# Required work:
Nothing but the pictures is dropped; write out all the remaining data below exactly.

# Dataset section:
Content starts

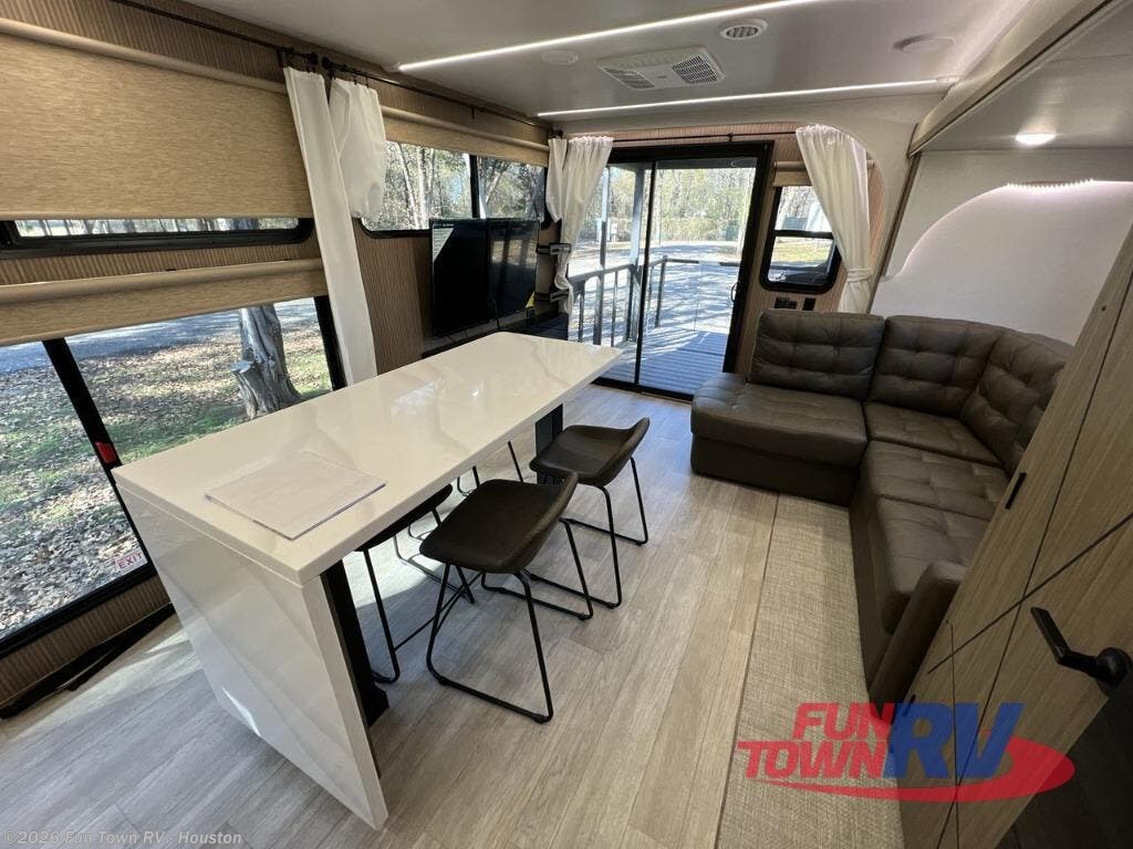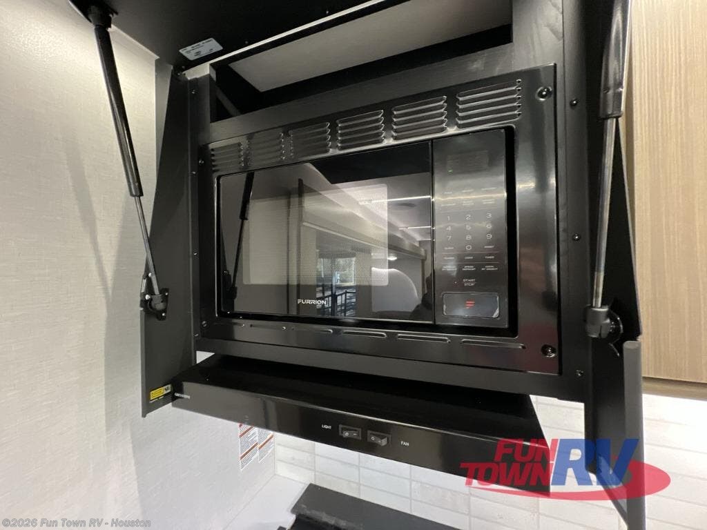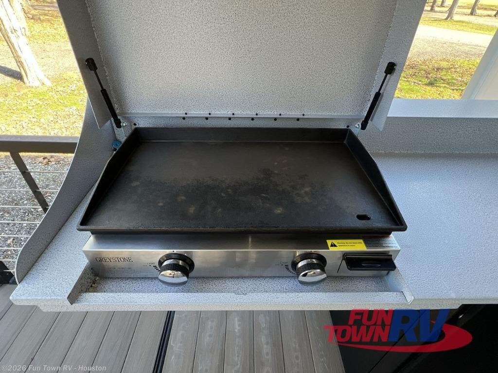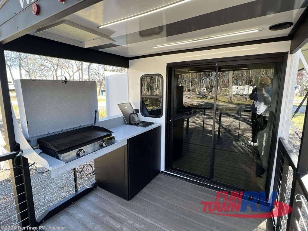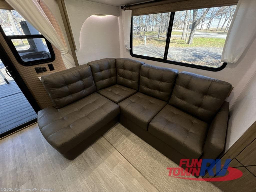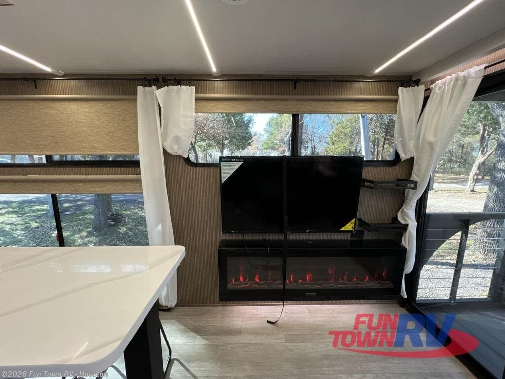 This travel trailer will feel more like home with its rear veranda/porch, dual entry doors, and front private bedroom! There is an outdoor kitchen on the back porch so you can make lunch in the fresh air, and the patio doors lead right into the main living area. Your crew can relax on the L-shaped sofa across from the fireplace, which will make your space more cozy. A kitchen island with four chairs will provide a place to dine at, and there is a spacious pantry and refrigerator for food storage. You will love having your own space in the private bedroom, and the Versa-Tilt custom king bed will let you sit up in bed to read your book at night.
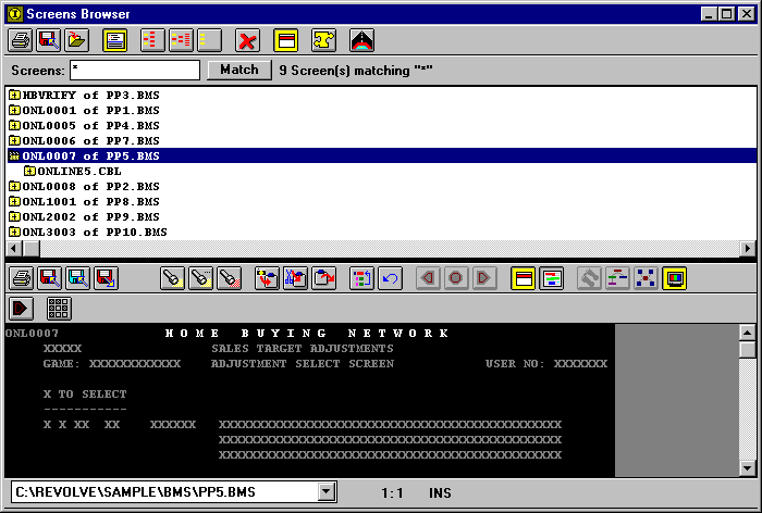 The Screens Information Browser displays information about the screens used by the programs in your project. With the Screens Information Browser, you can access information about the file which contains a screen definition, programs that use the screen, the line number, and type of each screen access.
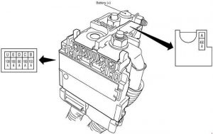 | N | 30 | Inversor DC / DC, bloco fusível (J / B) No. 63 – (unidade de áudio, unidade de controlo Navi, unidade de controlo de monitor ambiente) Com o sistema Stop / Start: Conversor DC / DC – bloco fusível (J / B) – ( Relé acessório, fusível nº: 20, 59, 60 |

Content ends

# Written solution:
 This travel trailer will feel more like home with its rear veranda/porch, dual entry doors, and front private bedroom! There is an outdoor kitchen on the back porch so you can make lunch in the fresh air, and the patio doors lead right into the main living area. Your crew can relax on the L-shaped sofa across from the fireplace, which will make your space more cozy. A kitchen island with four chairs will provide a place to dine at, and there is a spacious pantry and refrigerator for food storage. You will love having your own space in the private bedroom, and the Versa-Tilt custom king bed will let you sit up in bed to read your book at night.
 The Screens Information Browser displays information about the screens used by the programs in your project. With the Screens Information Browser, you can access information about the file which contains a screen definition, programs that use the screen, the line number, and type of each screen access.
 | N | 30 | Inversor DC / DC, bloco fusível (J / B) No. 63 – (unidade de áudio, unidade de controlo Navi, unidade de controlo de monitor ambiente) Com o sistema Stop / Start: Conversor DC / DC – bloco fusível (J / B) – ( Relé acessório, fusível nº: 20, 59, 60 |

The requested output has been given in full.